George Bataille also writes about religion and its relationship to eroticism. I became interested in Bataille only recently, when Todd Pendu, the filmmaker who is creating the avant garde/Surrealist porno I will be acting in, “The Evocation of a Demon Lover,” recommended that I read Bataille’s The Eye to prepare myself for the aesthetic of our film project. I am fascinated by Bataille’s obsession with horror and obscenity in eroticism. Bataille wrote that horror is fundamental to art, as it creates “disequilibrium” to our “general economy of utilitarian materialism,” and it allows us to commune with something sacred. He defines sacredness as “a privileged moment of communal unity, a convulsive form of what is ordinarily stifled,” (Visions of Excess) and links it to eroticism, which is a “fundamental violation of the pure (sacred) self” and a “transgression of interdiction.” Through eroticism, human sexuality obtains its climax through the shattering of taboos, and this transgression in turn creates the foundational constructs of religion. The erotic impulse is the first thing to be appropriated and bound by religion, as can be seen in the story of Eve’s Original Sin in the Garden of Eden, thus eroticism is actually the foundation of sacredness rather than its antithesis. Anguish and horror are the contestations of the disruption of social structure and sacredness, yet these very transgressions define the boundaries of that which is shattered through the act of eroticism. In our post-Sexual-Revolution society, where people are increasingly desensitized by sex and eroticism, which have been casually co-opted by advertising and a consumerism of excess (“homogeneous expenditure without return”), the realm of transgression is pushed further and further into BDSM. I enjoy playing with these erotic taboos as an exploration of sacredness as delineated by anguish and horror, and as a means to commune with a transcendental psychology, a fundamental humanness, that has yet to be completely defined, dissected, medicalized, and advertised to the point of non-eroticism or bland sanctity. Paradoxically, the experience of sacredness is only reached by breaking sanctity, and I experiment with eroticism and BDSM to touch new levels of sacredness/communion.

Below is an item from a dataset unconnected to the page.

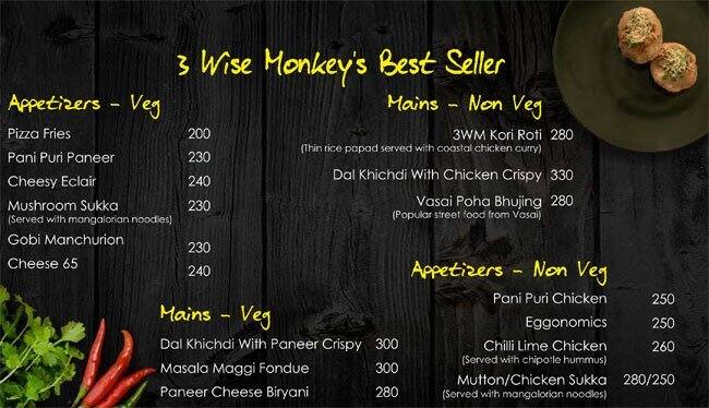 3 Wise Monkeys Vashi Navi Mumbai   Three wise monkeys is rated accordingly in the following categories by tripadvisor travellers: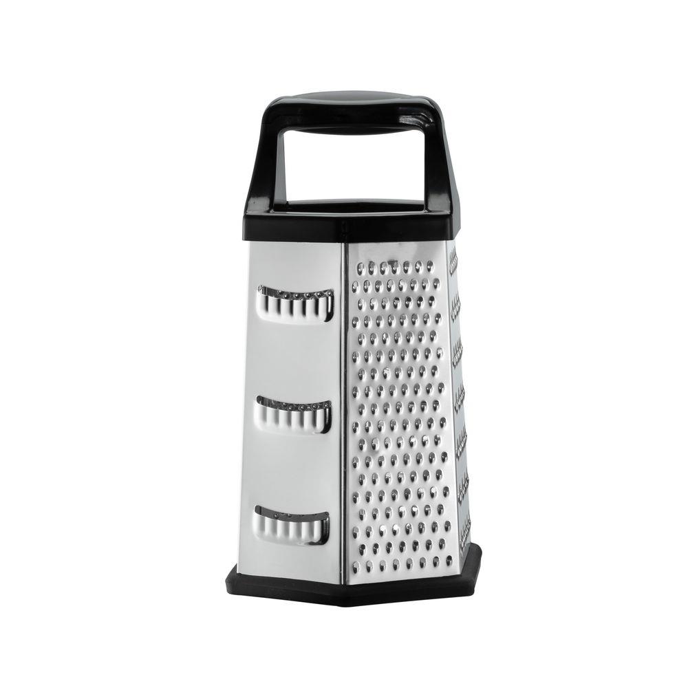 | Description | Grater with container, 6 sides. Solidly constructed, with rigid sides and a base that won’t easily slide out from under you, Sham graters will provide all the flakes, shreds, and shards you’ll ever need. Each side has a different size grating surface which grates evenly and effortlessly across its entire perforated surface. The grater comes with a detachable container to avoid extra mess as it effectively catches what you are shredding, slicing, and zesting. |

In “The Evocation of a Demon Lover,” the protagonist Laylah recites a mantra or spell that unleashes a fantastical beast. This beast, or demon (evil by religious linguistics), is the embodiment of the transgression of interdiction, whose manifestation and penetration unleashes Laylah into the realm of the sacred. Its very existence is a struggle for the psyche of Laylah, the mind that is slowly and torturously unbound from formal erotic signifiers into a language all its own, an authentic linguistic of eroticism that I hope to make l’écriture féminine of sex.